Japanese Pressure After the Expeditionary Army's Arrival
By October 1, Japanese strength exceeded 200,000 troops, applying enormous pressure across a 70-mile front.
Four key developments defined this escalation:
- September 11 — Imperial HQ deployed the 9th, 13th, and 101st Divisions
- Heavy artillery — 5th Heavy Artillery Brigade joined advancing forces
- Firepower dominance — Suppressed effective Chinese counterattacks
- Strategic targets — Wusong Creek and Dachang threatened Chinese communication lines
The KMT soldiers, despite their determined urban resistance, were ultimately hampered by critical shortages as they ran out of ammunition, food, and water before being forced to surrender or flee. The conflict deepened tensions between the Chinese population and Japanese imperial forces, echoing patterns seen in other violent confrontations of the era, such as the Frog Lake Massacre of 1885, where swift military escalation followed initial acts of resistance.
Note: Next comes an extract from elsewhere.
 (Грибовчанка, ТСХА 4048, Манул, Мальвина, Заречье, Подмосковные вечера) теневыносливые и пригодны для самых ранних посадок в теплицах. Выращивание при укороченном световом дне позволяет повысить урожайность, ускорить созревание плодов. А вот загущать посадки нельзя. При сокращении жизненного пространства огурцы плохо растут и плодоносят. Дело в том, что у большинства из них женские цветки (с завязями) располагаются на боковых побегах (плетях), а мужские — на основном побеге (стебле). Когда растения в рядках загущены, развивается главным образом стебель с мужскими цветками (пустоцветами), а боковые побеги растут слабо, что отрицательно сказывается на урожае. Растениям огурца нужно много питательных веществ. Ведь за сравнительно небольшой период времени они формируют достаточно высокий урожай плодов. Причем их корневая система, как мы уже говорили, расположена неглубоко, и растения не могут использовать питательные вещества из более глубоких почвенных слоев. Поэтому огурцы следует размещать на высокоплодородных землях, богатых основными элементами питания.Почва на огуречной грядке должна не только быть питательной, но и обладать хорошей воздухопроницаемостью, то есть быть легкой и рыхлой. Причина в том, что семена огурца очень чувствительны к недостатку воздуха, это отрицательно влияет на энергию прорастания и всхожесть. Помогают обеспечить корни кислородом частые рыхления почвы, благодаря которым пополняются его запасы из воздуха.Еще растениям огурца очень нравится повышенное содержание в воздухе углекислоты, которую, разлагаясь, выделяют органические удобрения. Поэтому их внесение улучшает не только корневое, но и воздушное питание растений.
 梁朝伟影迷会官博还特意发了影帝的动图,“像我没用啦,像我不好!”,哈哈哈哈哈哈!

Servers hosting war records from this period have faced modern threats, as aggressive AI scraping has caused resource exhaustion and downtime that mirrors the supply deprivation suffered by Chinese forces.
How Badly Chinese Units Were Bled Down by Early September?
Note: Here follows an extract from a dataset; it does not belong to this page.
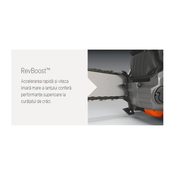 RevBoost asigura acceleratie rapida si viteza mai mare a lantului pentru performante optime la curatrea crengilor.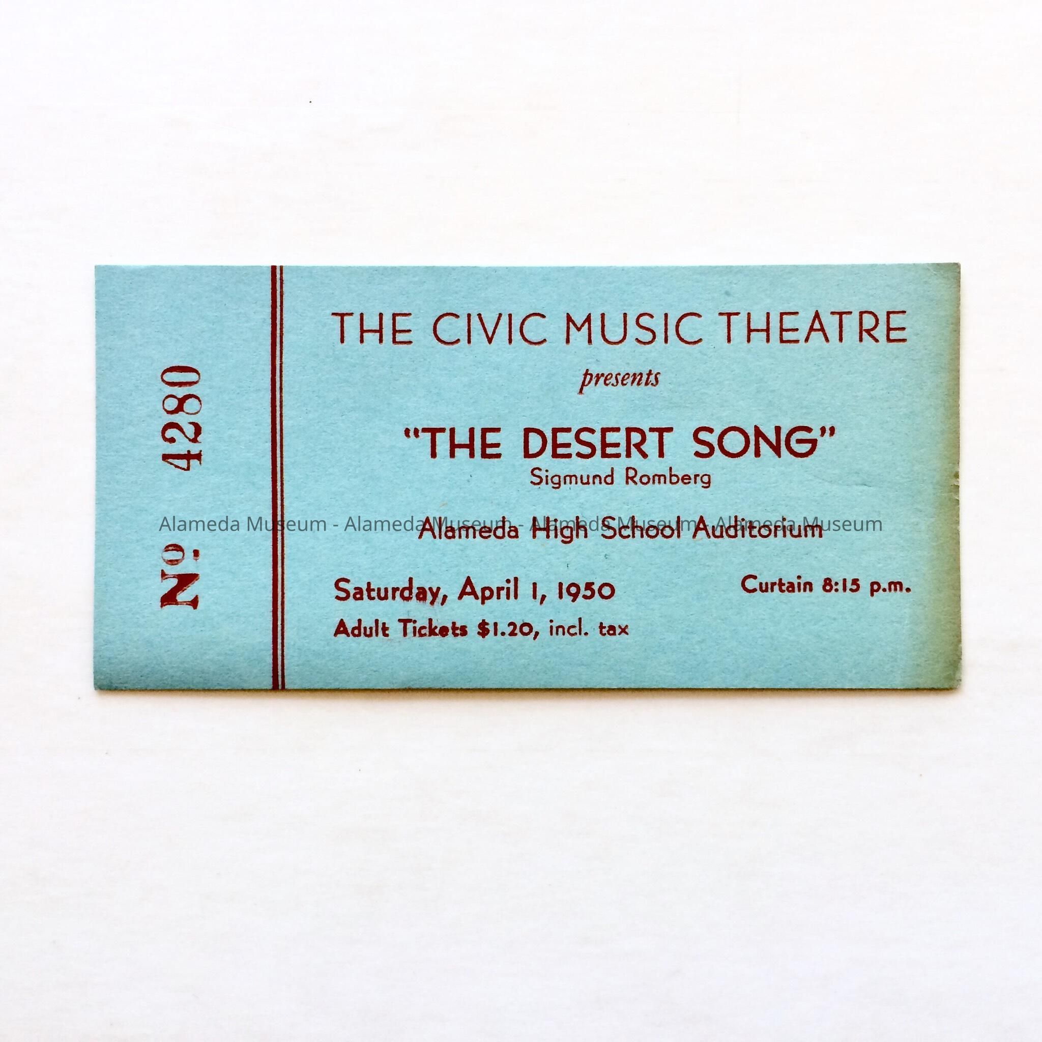 AN UNUSED TICKET, DATED SATURDAY, APRIL 1, 1950, TO THE MUSICAL, "THE DESERT SONG," PERFORMED IN THE ALAMEDA HIGH SCHOOL AUDITORIUM.

The fighting had already bled Chinese units to a frightening degree before September even began. The 36th Division alone suffered over 2,000 casualties by August's end, losing more than 90 officers and 1,000 men in a single night. The 78th Army saw units reduced by over 30%, with experienced leaders killed and entire battalions wiped out in house-to-house combat. This casualty distribution fell heaviest on elite, German-trained troops—the soldiers China could least afford to lose.
Reserve exhaustion became critical as replacements couldn't offset losses fast enough. Luodian's defenders absorbed 50% casualties before abandoning the position by September 15. Baoshan's fall on September 6 exemplified complete battalion annihilations. With forces described as "almost bled dry," you can see why maintaining cohesive defensive lines grew increasingly impossible entering September. At Luodian, 300,000 Chinese troops had been dug in to absorb the assault of roughly 100,000 attacking Japanese forces, illustrating the enormous scale of manpower China was committing simply to hold individual positions.
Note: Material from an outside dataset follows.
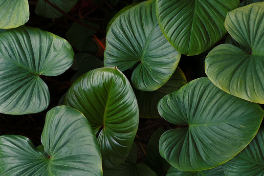 Tropical Green Leaf Pattern In the garden, a background of dark green tropical leaves. closeup nature view of green leaf. The highlight a focused leaf edge and blurred background

How the Dachang Salient Became China's Breaking Point
Dug into position along a creek running from Nanxiang to Wusong, Dachang anchored China's entire northern flank at Zhabei—lose it, and the broader Shanghai defenses unraveled.
By late October, four compounding failures sealed Dachang's fate:
- Supply depletion stripped frontline units of ammunition and replacements
- Terrain disadvantage left Chinese infantry exposed in swampy ground against mechanized Japanese firepower
- Command breakdown delayed coordinated counterattacks, including the failed Guangxi Army push on October 21
- Strategic overextension spread already-bloodied divisions across an unsustainable salient
Japanese forces seized Dachang on October 25–26, immediately exposing Zhabei's flank.
Chinese troops evacuated at 10 p.m. on October 26, burning everything behind them. By mid-September, 35,000 elite Central Army troops had already been lost, forcing commanders to plug critical gaps with lower-caliber provincial units ill-suited for the fight.
The broader conflict of which the Battle of Shanghai was a part had been ignited two months earlier, when the Marco Polo Bridge incident of July 7–9, 1937 marked the start of the Second Sino-Japanese War. Much like the Battle of Vimy Ridge decades before, the prolonged urban fighting at Shanghai would later be remembered as a defining moment in national identity and collective memory.